Customized serialization unreliable?

Hi,

I have a strange problem with the customized serialization…
I have a large object which is built by several classes and each class
has its own marshal_dump and marshal_load, like:

class YYY
attr_reader :data, :version

def initialize
@data = “different objects”
@version = 1
end

def marshal_dump()
return [@version,@data]
end

def marshal_load(var)
@version = var[0]
case @version
when 1
@data = var[1]
else
#do something else
end
end
end

The problem I find out is the serialization works randomly, sometime the
object is serialized correctly and sometime not.(since I’m not able to
deserialize the object, some of the attributes of the objects become
nil) also I find out the size of serialized file is different each time.
and I try to put the serialized data in memory, the size of the memory
is also different each time. like this:

              dumpStr = Marshal.dump(mainResults)
              puts dumpStr.length.to_s()
              mainResults2 = Marshal.load(dumpStr)

Does someone know anything about the customized serialization? There is
not a lot of doc about this…

Thanks you very much

Sayoyo

sayoyo Sayoyo wrote:

Hi,

I have a strange problem with the customized serialization…
I have a large object which is built by several classes and each class
has its own marshal_dump and marshal_load, like:

Another thing to try: call marshal_dump on your top-level object. You
should get a nested structure of arrays and so on.

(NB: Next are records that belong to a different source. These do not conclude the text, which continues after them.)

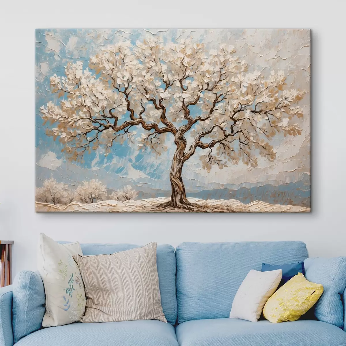 Картина Біле дерево на синьо-білому тлі Арт. s42275
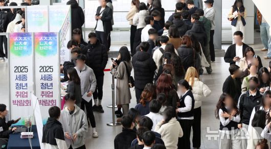 [세종=뉴시스] 강종민 기자 = 청년취업박람회에서 행사장 입장을 위해 구직자들이 줄지어 서 있다. 2025.11.06. ppkjm@newsis.com |
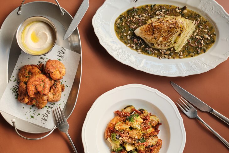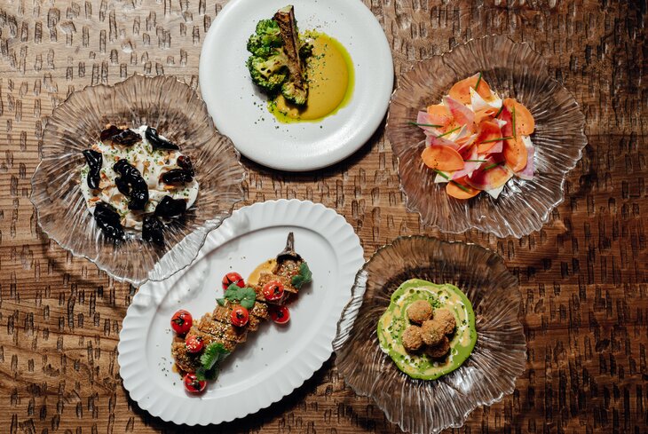 В средиземноморском ресторане готовят печеную свеклу с вишней (900 рублей) и баклажан со сладкими томатами (1 100 рублей). Помимо супа минестроне (1 100 рублей) и грибной похлебки (700 рублей), из основного берите пасту сицилиана (990 рублей) и постные голубцы (1 600 рублей). На десерт — наполеон с клубникой и цедрой лайма (750 рублей).
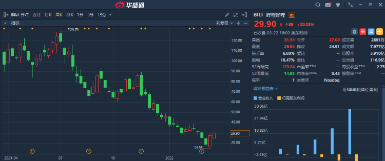 截至昨日美股收盘,B站股价30美元,市值115亿,较去年最高点跌去80%。
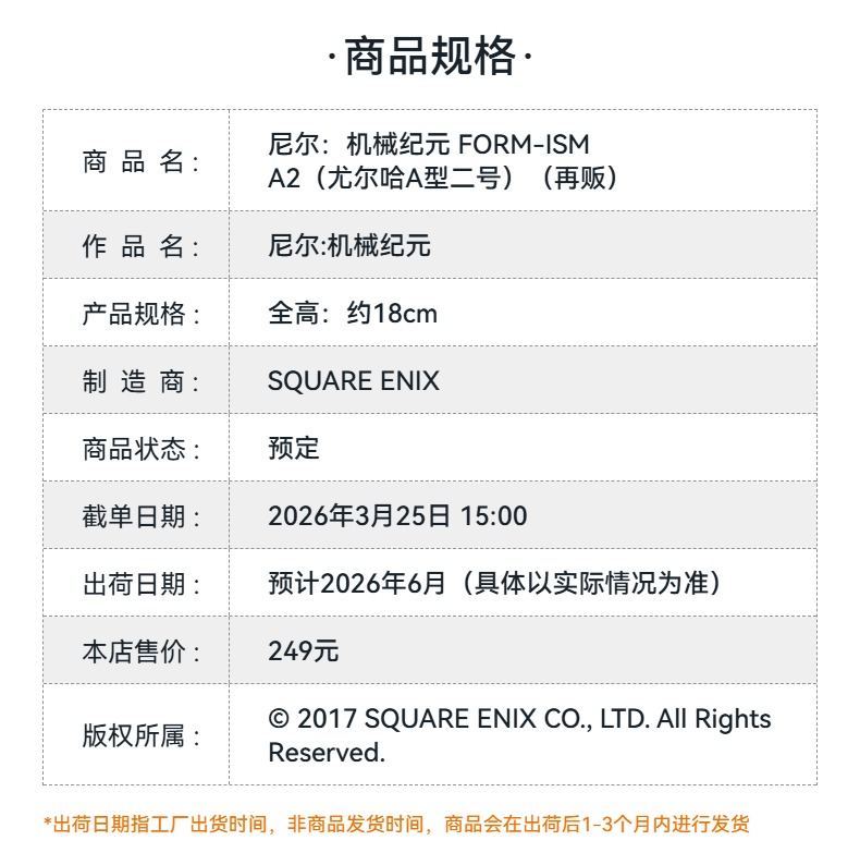 【GSC预售定金】尼尔:机械纪元 FORM-ISM A2(尤尔哈A型二号)
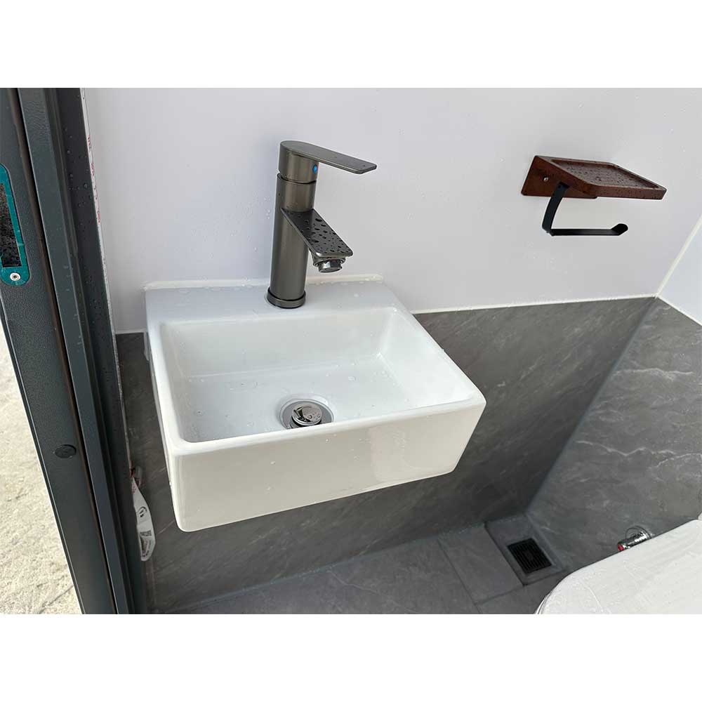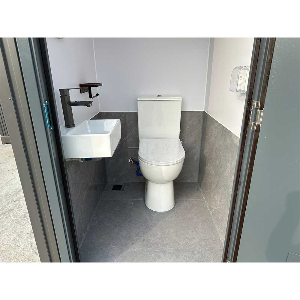 This premium single outdoor bathroom is built for durability, comfort, and mobility. Designed with built-in forklift pockets, it's easy to transport and install on construction sites, public events, or remote locations. The structure is insulated, weather-resistant, and equipped with essential interior amenities.
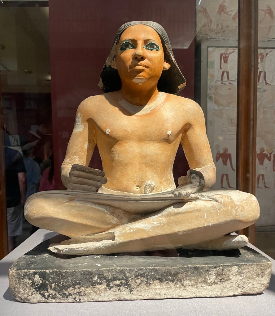 A statue of a scribe. This is a more modern statue so that the arms are no longer supported.

Does this look ok?

Now, feed that data structure back into your top-level marshal_load
method. Does this cause the problem too?

Hi,

First, Thanks you very much for helping me, Yes, I have tried it, and
the serialization still works randomly. no idea why…

I suspect the there is a problem in memory allocation somewhere when
data is written to the “file”, since it is an random effect, I can
hardly put a hand on it.

do you know who is the responsible of this part of ruby?

Sayoyo

On 22.05.2008 18:48, sayoyo Sayoyo wrote:

First, Thanks you very much for helping me, Yes, I have tried it, and
the serialization still works randomly. no idea why…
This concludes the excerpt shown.